Como recordaba lo que ese mercader me había dicho acerca de un colorante nuevo y aún más raro, un púrpura permanente que de alguna manera estaba relacionado con caracoles y un pueblo llamado Los Desconocidos, le pregunté sobre eso a mi intérprete y a varios de sus amigos mercaderes lo que pudieran saber sobre el particular; pero lo único que conseguí de todos fue un gesto vago de ignorancia y una respuesta como un eco: «¿Púrpura? ¿Caracoles? ¿Desconocidos?». Así es que sólo hice una transacción en Záachila y no fue ese tipo de negocio que un típico
pochtécatl
hubiera podido hacer.
El viejo Gíigu arregló para mí una entrevista de cortesía con Kosi Yuela, el Bishosu Ben Záa, que quiere decir Venerado Orador de la Gente Nube y ese gentilhombre tuvo la amabilidad de agasajarme, invitándome a conocer su palacio para que pudiera admirar sus muebles lujosos. Me interesé en la adquisición de dos de ellos. Uno, fue la reina del Bishosu, Pela Xila, una mujer que hacía que a cualquier hombre se le hiciera agua la boca, pero me contenté con hacer el gesto de besar la tierra delante de ella. Sin embargo, cuando vi un bellísimo tapiz trabajado en pluma decidí que lo tendría.

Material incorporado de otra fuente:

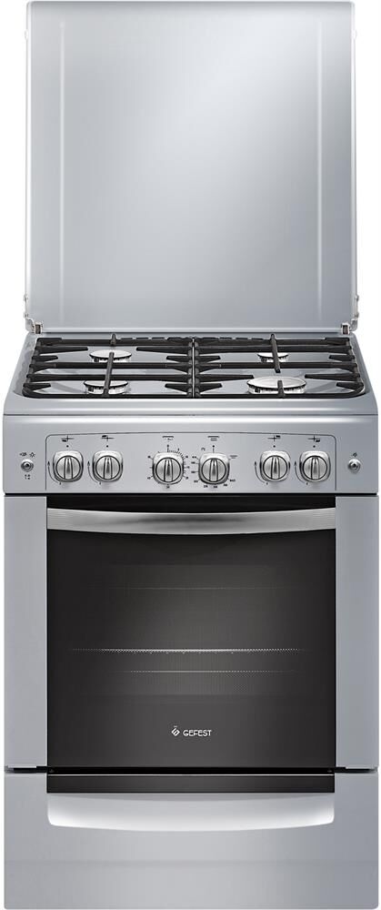 Габариты (ШхГхВ) 60x60x85 см. 4 газ. горелки. Электророзжиг горелок стола. Вароч. поверхность эмалированная. Решетки горелок стола чугунные. Таймер механический. Объем духовки 52л. Электророзжиг духовки. Газ-контроль духовки. Вертел с электроприводом. Подсветка духовки двойная. Направляющие духовки проволочные. Терморегулятор (термостат). Ящик для посуды и принадлежностей. Метал. крышка. Цвет серый.
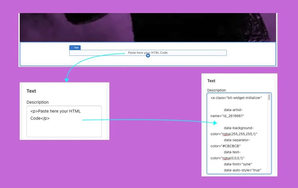 Go to “Text - Description” and Paste your Bandsintown Signup Form code
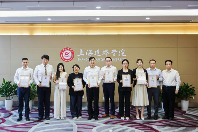 校长、市欧美同学会临港新片区分会理事朱瑞庭担任会长;丁哲寅、汤美娜、陈苏婷担任副会长;张芷陌担任秘书长;杨璞、张凯、陈栋鑫、夏金涛担任理事。上海市欧美同学会澳新分会会长、上海建桥学院党委书记杨伟人向建桥分会第一届理事会成员颁发了铭牌。
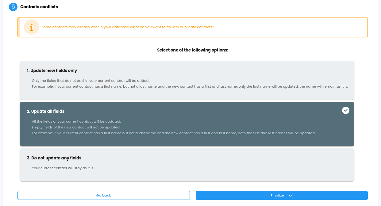 Se selecciona qué ha de hacer el importador cuando algunos de los contactos ya hayan sido importados con anterioridad en la plataforma en alguna de las importaciones anteriores.
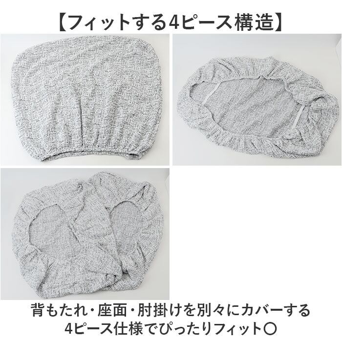 ・背もたれ・座面・肘掛けを別々にカバーする4ピース仕様でぴったりフィット〇
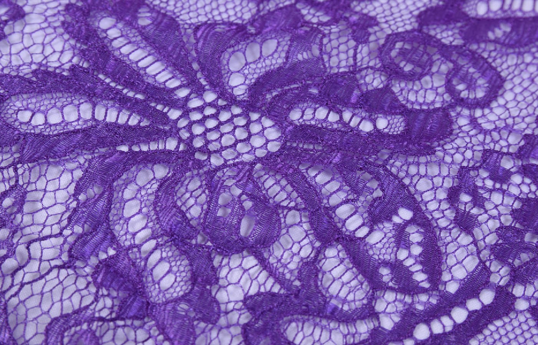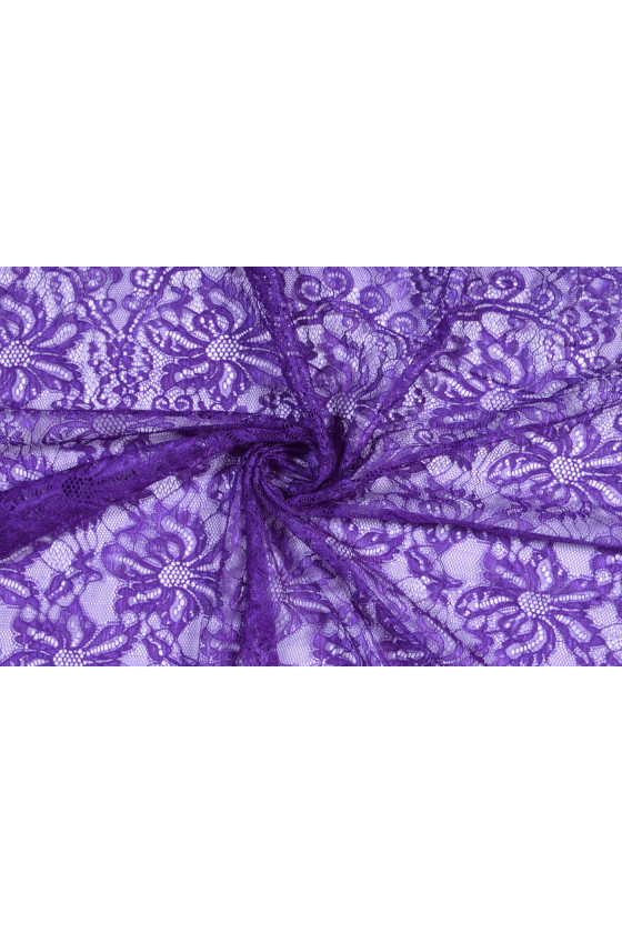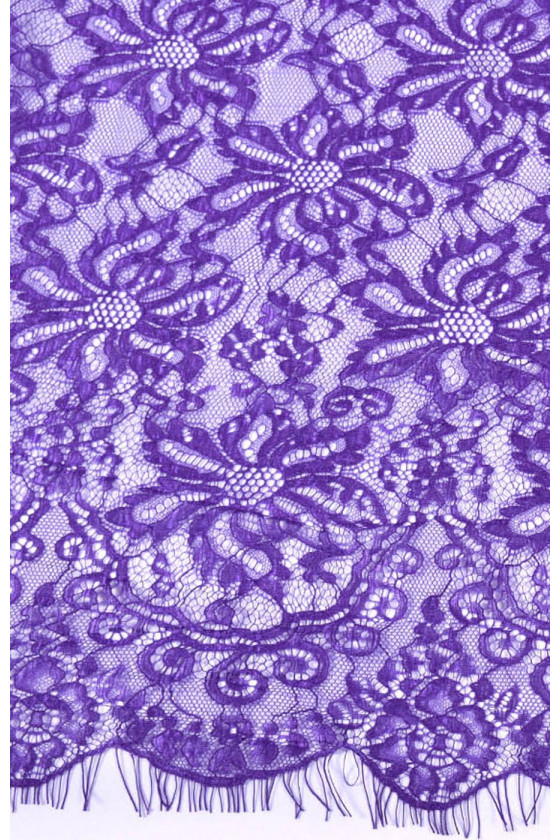 Evening lace in purple, comes in a repeatable coupon with dimensions of 110 cm * 150 cm. One-sided finished with a tooth, inelastic.
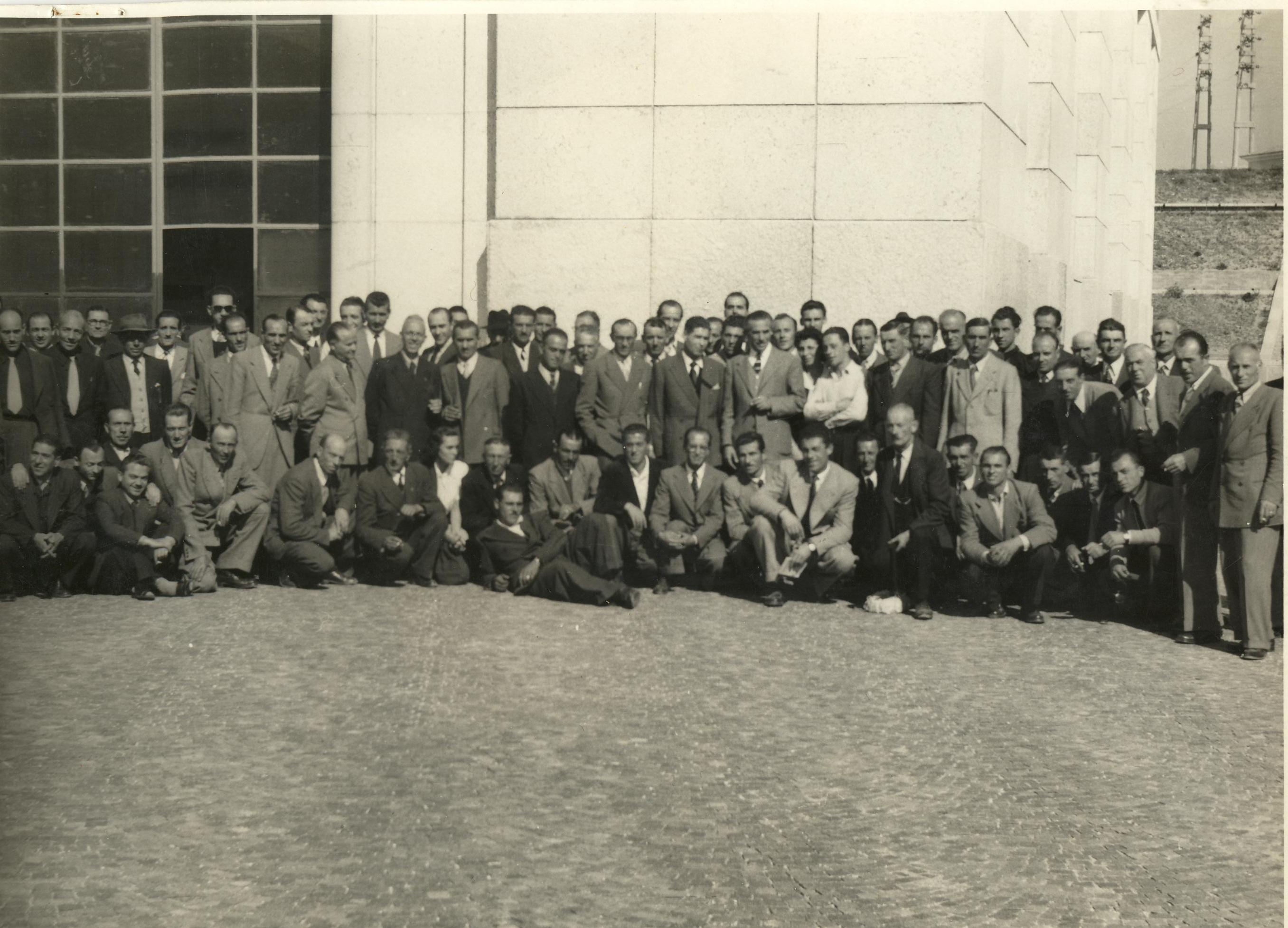 Gita aziendale maestranze della Sade (elettrici) a centrale di Chievo, si riconoscono quello sdraiato a terra Boesso Rino e in ultima fila il più alto con baffi vero sx Stellin Luigi
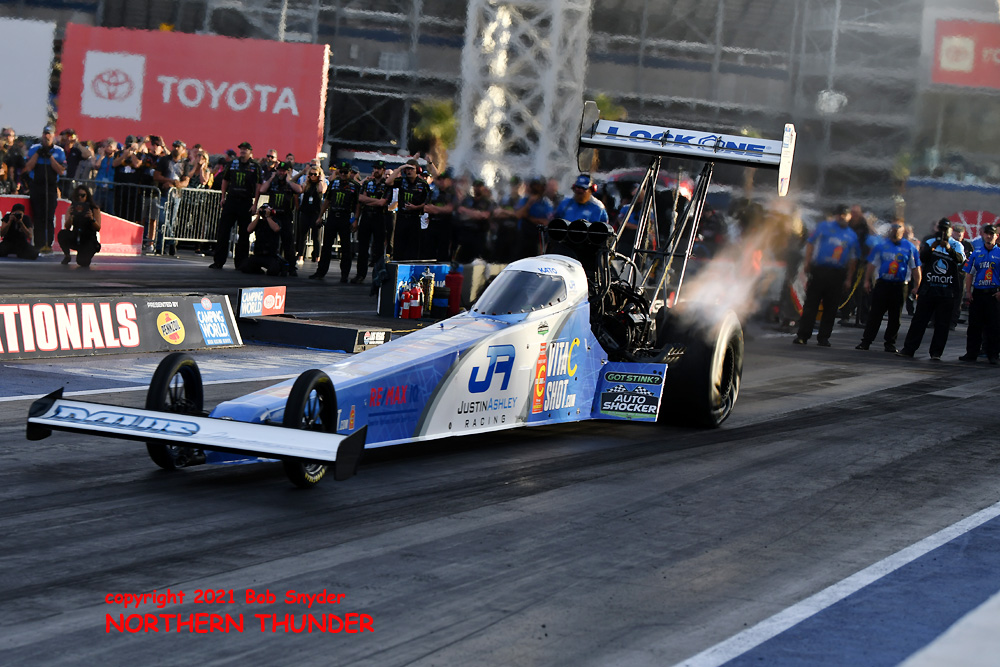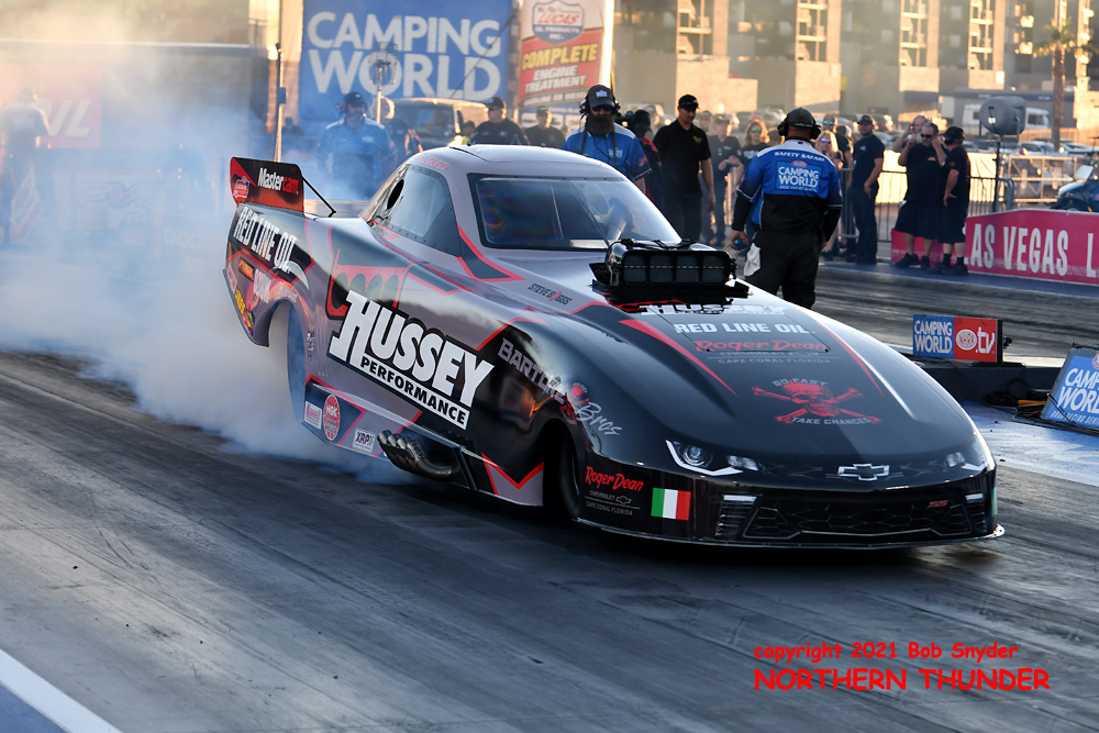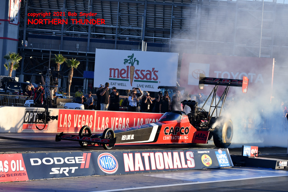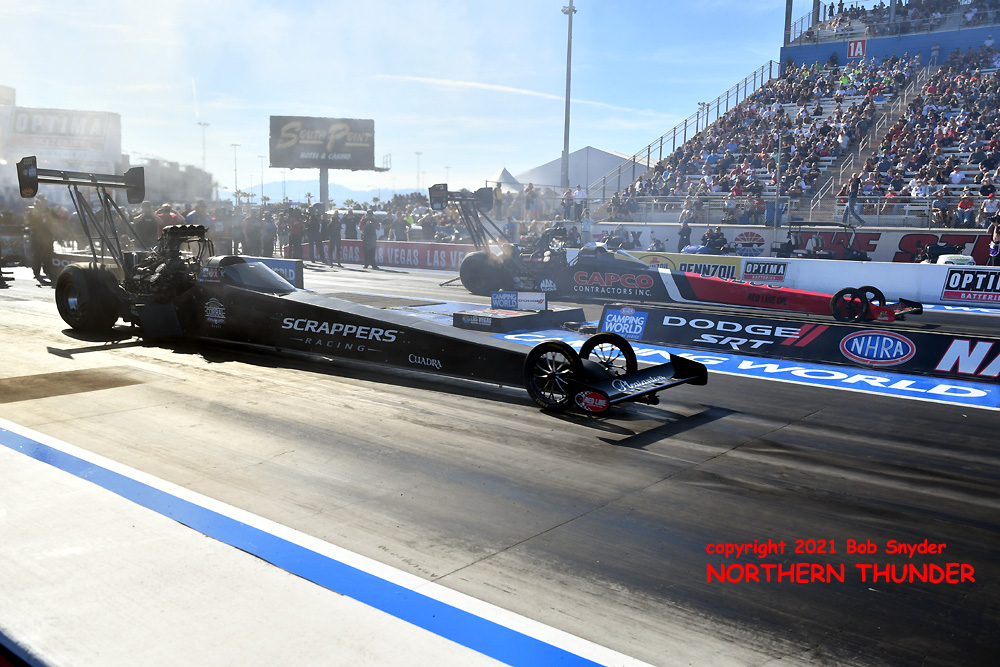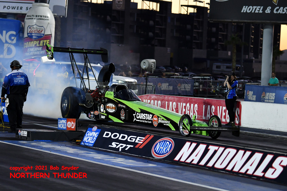 (LEFT) It's been quite a first season in Top Fuel for Florida's Josh Hart and his first visit to The Strip in the "R & L Carriers" car marked his 13th race of a 2021 that saw two trips to the Winners Circle (Gainesville and Charlotte). With his scheduled partner electing to sit in the pits, Hart ran by himself and put down good numbers until half track before losing traction and clicking it to a 3.862 - 276.07 opening salvo.
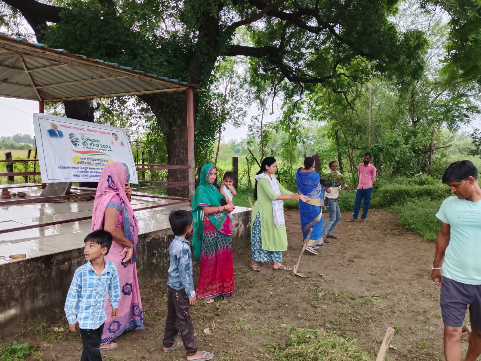 जिसमें वहां की घास की सफाई की गई माता के चबूतरे की सफाई एवं धू लाई का कार्य, शपथ दिलाई गई
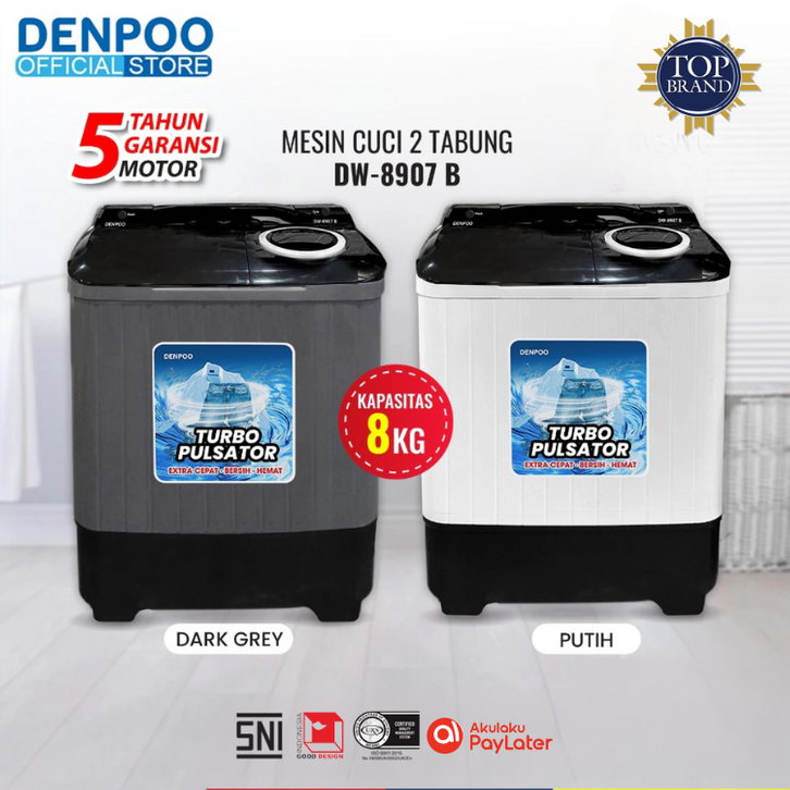 MESIN CUCI 2 TABUNG DENPOO DW 8907B 4P 8 KG
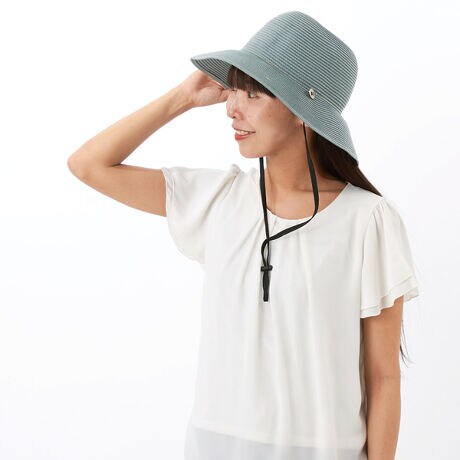 [型番:6505PI0010173]軽やかなブレード素材で仕立てた帽子です。コンパクトに持ち運べて、お買い物やお散歩などの日常使いや旅行などにおススメです。広めなツバは顔まわりの紫外線対策にも最適で、風対策のあご紐付きです。上品さと実用性を兼ね備えた大人の万能ハットです。
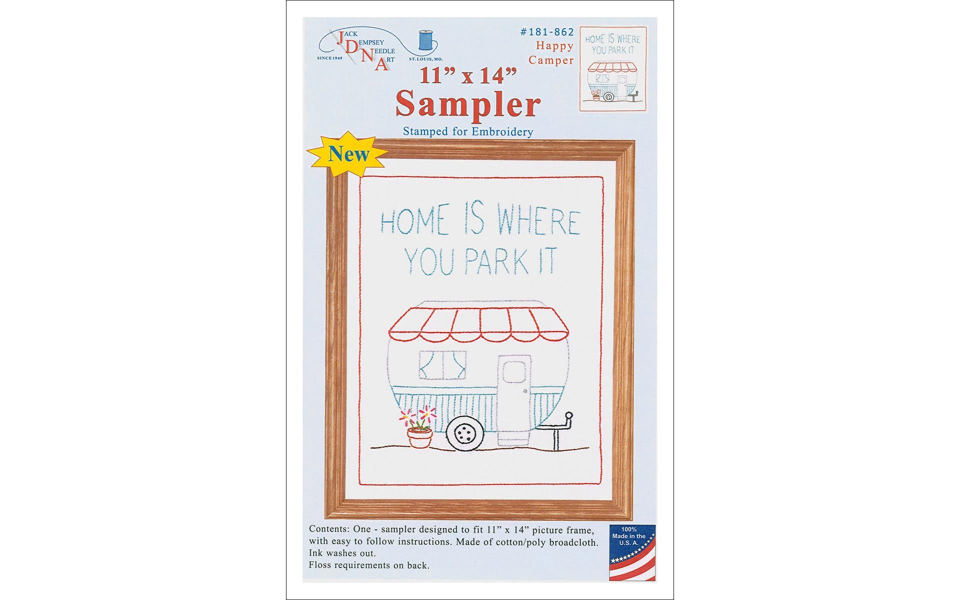 Jack Dempsey Samplers contains a pre-printed sampler designed to fit a picture frame. Made of cotton/poly broadcloth. Image of a camper trailer with an awning and flower pot. Caption reads home is where you park it.
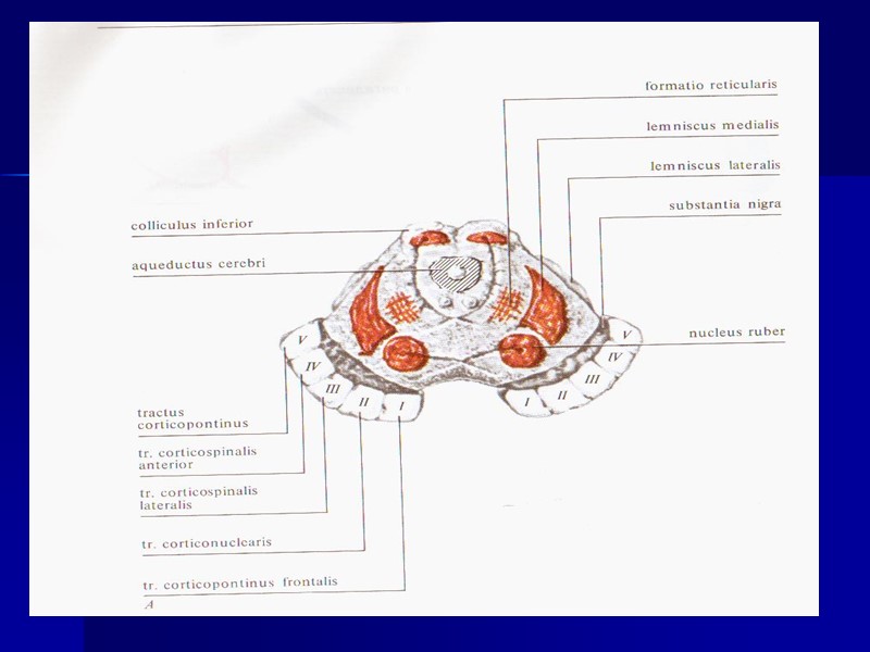 Сопақша мидың көлденең кескіні Поперечный разрез продолговатого мозга (на двух уровнях) 1 - тонкое ядро, 2 - клиновидное ядро, 3 - добавочное клиновидное ядро, 4 - текто-спинальный путь, 5 - пирамидный пучок, 6 - медиальная петля, 7 - внутренние дугообразные волокна, начинающиеся от тонкого и клиновидного ядер, формируют медиальную петлю, 8 - перекрест медиальных петель, 9 - медиальный продолговатый пучок, 10 - ретикулярная формация, 11, 12 - медиальное и заднее добавочные оливные ядра, 13 - нижнее оливное ядро
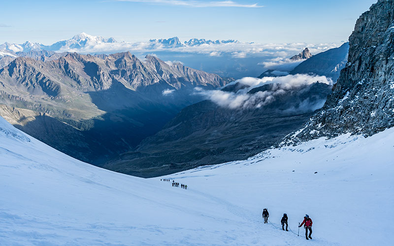 Een andere populaire route is de Haute Route, die zich uitstrekt van Chamonix naar Zermatt in Zwitserland.
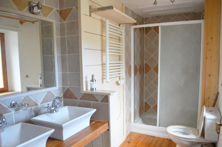 - au 1er étage, deux chambres avec lit double (dont un en 160cm de large) et salles de douche-WC privatives, possibilité sur demande de rajouter un LIT BÉBÉ
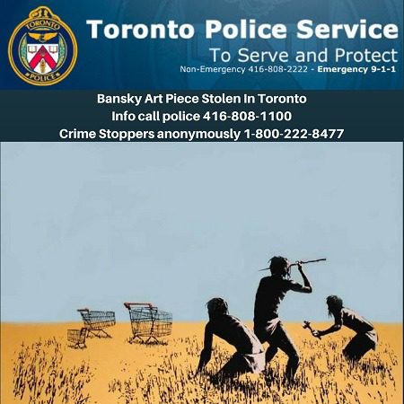 TORONTO, CANADA- Who stole a $45,000 Banksy print from an exhibit in Canada? That is the question the Toronto police is trying to answer as they launch an investigation into the brazing art theft. The heist happened just before the controversial exhibition opened at the retrofitted brick loft space on 213 Sterling Road.

«Ha sido hecho por uno de sus compatriotas», dijo mi anfitrión y su voz sonó como si yo hubiera sido un impertinente en detenerme a admirar el trabajo de un mexícatl, en lugar de admirar los productos de su pueblo, la Gente Nube. Por ejemplo, las tapicerías abigarradas e interesantes del salón del trono, hechas por apretados nudos coloreados, luego otra vez anudados y vueltos a colorear y así por varias veces más.
Señalando con mi cabeza el tapiz, le dije: «Déjeme adivinar mi señor. Ese trabajo de pluma es de un artista que vino de muy lejos, llamado Chimali».
Kosi Yuela sonrió. «Tiene razón. Estuvo aquí por un tiempo haciendo bosquejos de los mosaicos de Lyobaan, y después no tuvo con qué pagar al posadero excepto con este tapiz. El posadero lo aceptó, aunque no muy contento, y luego vino a quejarse conmigo. Así es que yo le retribuí, porque confío en que el artista vuelva otra vez y lo redima».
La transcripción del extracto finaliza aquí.